Published online by Cambridge University Press: 28 March 2007
OLD TIMERS
On anybody's list of great Shakespearians of the mid-twentieth century there would surely figure three names above all: C. L. Barber, Northrop Frye, and G. Wilson Knight.
C. L. Barber did not live to complete The Whole Journey: Shakespeare's Power of Development (Berkeley and Los Angeles: University of California Press, 1986), and it fell to Richard P. Wheeler to prepare with painstaking care the manuscript documents for publication. It is tragic that Barber did not see the result, for it is his own 'whole journey' traced through the entire Shakespearian canon.

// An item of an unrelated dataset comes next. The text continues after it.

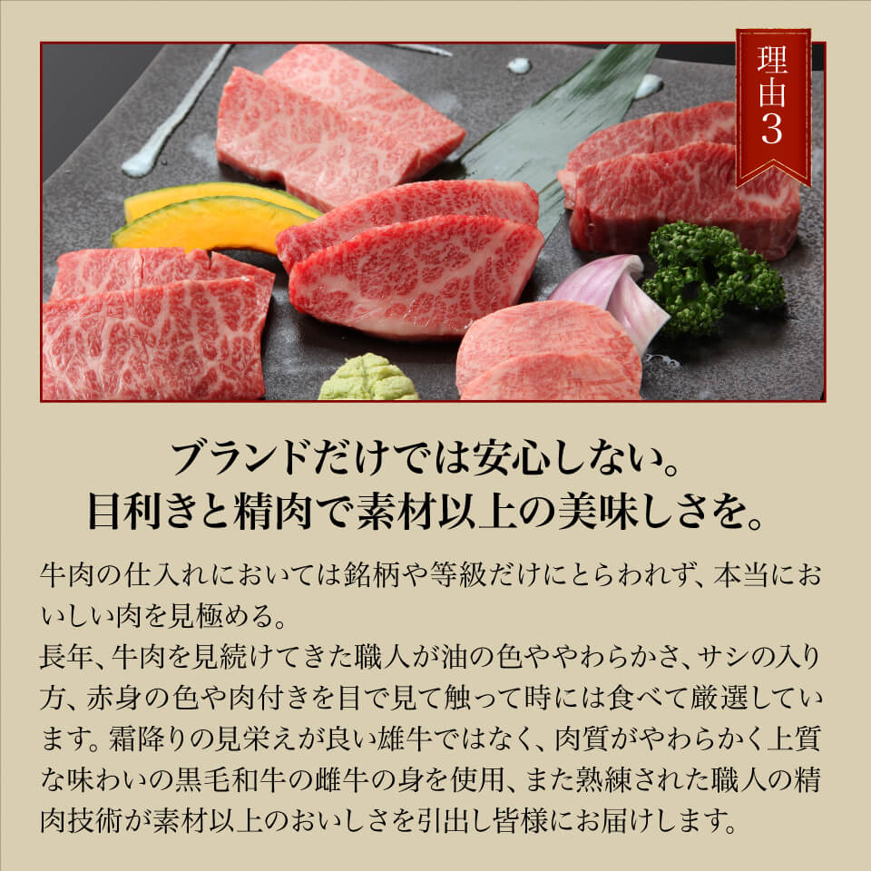 長年、牛肉を見続けてきた職人が脂の色ややわらかさ、サシの入り方、赤身の色や肉付きを目で見て触って時には食べて厳選しています。霜降りの見栄えが良い雄牛ではなく、肉質がやわらかく上質な味わいの黒毛和牛の雌牛の身を使用、また熟練された職人の精肉技術が素材以上のおいしさを引出し皆様にお届けします。

He was loved and respected as a teacher and critic, and one can see the underlying reason for this in the nostalgic attractiveness of his assumptions concerning 'Shakespeare's ideal of a gracious, organic society' (p. 124) and its violation in plays like Richard III and Titus Andronicus. Barber retrieves an image of Shakespeare as generous, 'richly sociable', and empathetic, and whether or not these qualities lay in the dramatist, they belonged to the critic. He accounts for Shakespeare in predominantly psychological terms. Shakespeare's experiences of witnessing the worldly failure of a lovable father, and being cherished by a strong mother, who was inadvertently betrayed by the weakness of her husband, are seen to feed into patterns in the plays which are regarded as an evolving canon. The pattern is implicit in The Comedy of Errors as the intact family is refound, but in 'the whole journey' different aspects become prominent at different times.